Occupational therapy draws a direct link between healing and doing. Unlike other modes of therapy that provide treatment to bring the patient ever closer to being whole again, occupational therapy uses the actual tasks of everyday living as the key component of the treatment plan itself. Its motto, "Curing by doing," sums it up nicely. The carpenter, for example, who must learn to use his tools again is tasked with actually hammering that nail or screwing that screw. Slowly his motor skills, range of motion and strength might be returned to him as he concentrates on the job, not the exercise of the job.

 

"We see people come in here who can't move their hands at all. Eventually I can tell them that they have increased their range of motion by this much, or their grip strength has increased by that much. But it's when they come in and tell you, 'I opened the car door today,' or 'I turned a key today,' that's when this work really feels good."

"So much of our sense of who we are and our place in the world depends on our ability to perform daily activities in both work and leisure," she says. "So what we try to do is set our patients up with tasks that come close to that activity level. This way they're not thinking of the exercise itself per se, but the end goal.

"We see people come in here who can't move their hands at all. Eventually I can tell them that they have increased their range of motion by this much, or their grip strength has increased by that much," she says. "But it's when they come in and tell you 'I opened the car door today,' or 'I turned a key today,' that's when this work really feels good.

"To have someone come in and say to me, 'I held a golf club today,' says so much.
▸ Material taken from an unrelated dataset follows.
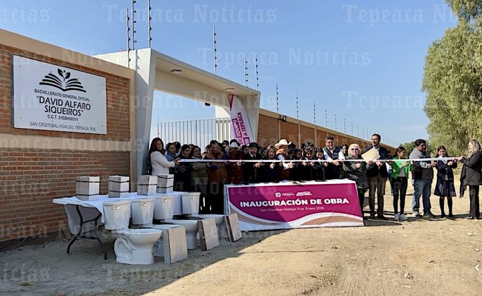 Tepeaca de Negrete.-Como parte de la estrategia municipal de dignificar espacios educativos y brindar seguridad a la comunidad estudiantil y docente, el presidente de Tepeaca Julián Alfredo Velazquez Romero acompañado por la titular del DIF municipal, Judith Juárez Sarmiento, inauguró la construcción de barda perimetral en el bachillerato general ” David Alfaro Siqueiros ” en las inspectoría auxiliar de San Cristóbal Hidalgo perteneciente a esta cabecera municipal de Tepeaca.

It's why I work," she says.

An occupational therapist for 11 years, she discovered the profession by chance: Her father spotted a feature article about the field in the Chicago Tribune. In those days entry level salaries were maybe $18,000 to $20,000. Now, she says, new graduates can start at salaries between $30,000 and $40,000, the demand is that high for skilled occupational therapists. But this isn't good for the profession, she says.
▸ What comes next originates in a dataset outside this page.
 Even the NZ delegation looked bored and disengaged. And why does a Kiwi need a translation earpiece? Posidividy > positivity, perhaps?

"When I applied to the program, it was difficult to get in, but certainly not like it is now," she says. "Then pay was minimal and you went into the profession because you liked working with people and you loved the health care field.
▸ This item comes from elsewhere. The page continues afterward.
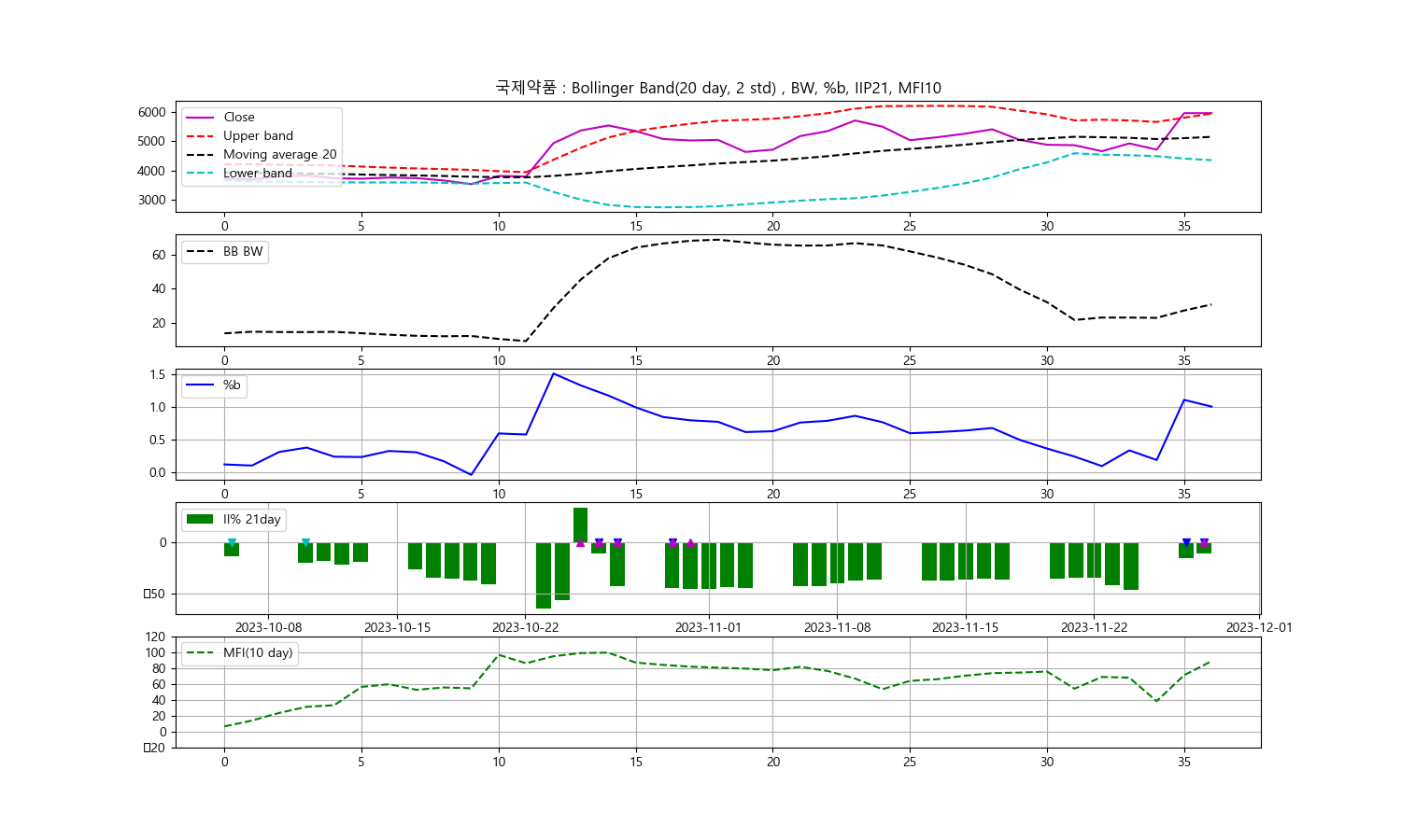 안녕하세요, 두부작가입니다. 오늘은 2023년 11월 28일을 기준으로 한 국제약품 주식에 대한 기술분석을 진행해보겠습니다. 주식의 종가를 중심으로 한 볼린저밴드, 일중강도율(IIP), 현금흐름지수(MFI)를 통해 향후 투자 동향을 알아보겠습니다.

"But now schools are keeping demand high by severely limiting the number of students they accept every year," she says. "Hospitals are now advertising $10,000 sign-on bonuses. They'll also offer to pay the last year's tuition in return for the therapists' commitment to work at the hospital for a year or two after they graduate.

"This is bringing the wrong kind of person into the field," she says. "The students I'm getting now aren't people people. They don't think about what they say to patients, they're just focused on the money.

"We need occupational therapists who are in the field because they love working with people," she says. "We see some of these patients three times a week for anywhere between an hour or an hour and a half each session. We see them more often than their doctors do. So we need to know how to relate to them. That takes a talent and commitment that money can't buy."

But the field changes everyone, even Lori. It's, in a way, her own occupational therapy.

"I used to be a much quieter, shyer person," she says. "Go back and read all my old report cards and that's what the teachers wrote, again and again.

"But when you're working with people all day long, it builds your own self-esteem and self-confidence. This work has helped me a lot."